▶ TASK ITEM: Leaving out pictures, output exactly the lines below from the one that has "Ogrodowa sofa narożna, śmietankowe" through the one that has "This tool is", and nothing else.

▶ GIVEN INFORMATION:
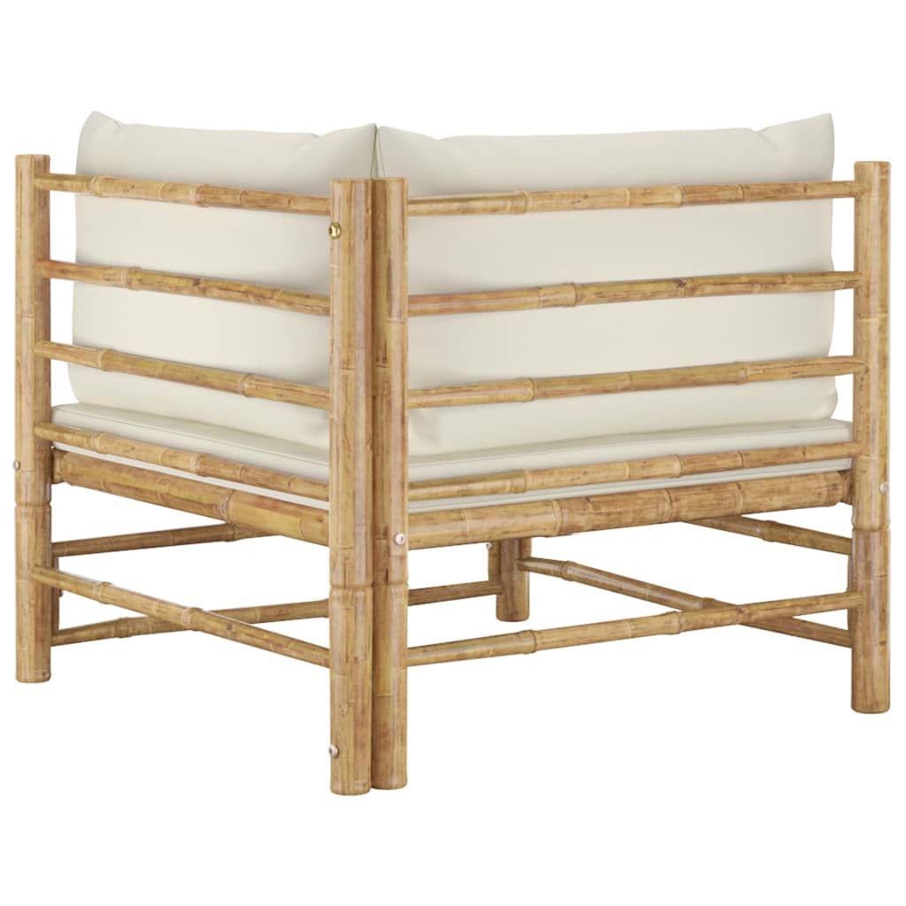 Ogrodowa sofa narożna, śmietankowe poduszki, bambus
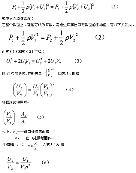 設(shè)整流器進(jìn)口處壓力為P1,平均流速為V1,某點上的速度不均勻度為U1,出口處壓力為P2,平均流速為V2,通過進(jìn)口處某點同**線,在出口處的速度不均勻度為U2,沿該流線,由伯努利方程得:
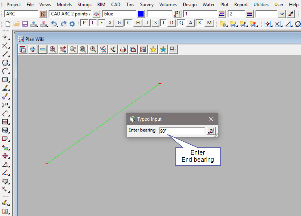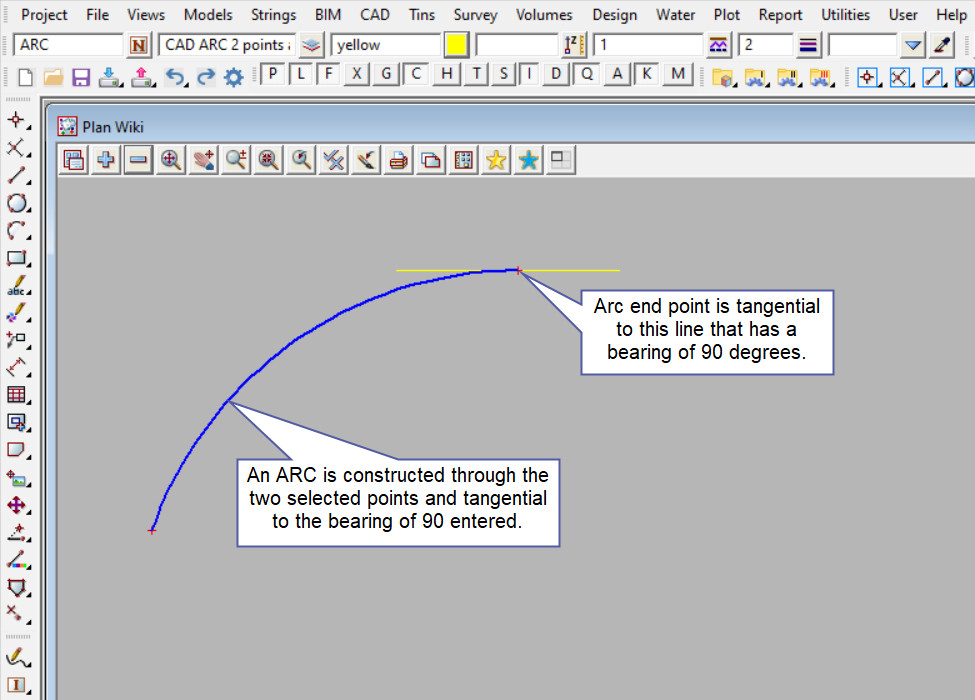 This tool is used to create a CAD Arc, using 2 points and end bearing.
---
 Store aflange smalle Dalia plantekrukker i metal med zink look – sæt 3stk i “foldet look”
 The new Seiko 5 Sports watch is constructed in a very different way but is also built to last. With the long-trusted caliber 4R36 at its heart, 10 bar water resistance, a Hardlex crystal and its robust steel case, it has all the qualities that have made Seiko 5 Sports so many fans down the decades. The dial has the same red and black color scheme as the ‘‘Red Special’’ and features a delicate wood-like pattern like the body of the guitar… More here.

▶ ANSWER TO THE EXERCISE:
 Ogrodowa sofa narożna, śmietankowe poduszki, bambus
 設(shè)整流器進(jìn)口處壓力為P1,平均流速為V1,某點上的速度不均勻度為U1,出口處壓力為P2,平均流速為V2,通過進(jìn)口處某點同**線,在出口處的速度不均勻度為U2,沿該流線,由伯努利方程得:
 This tool is used to create a CAD Arc, using 2 points and end bearing.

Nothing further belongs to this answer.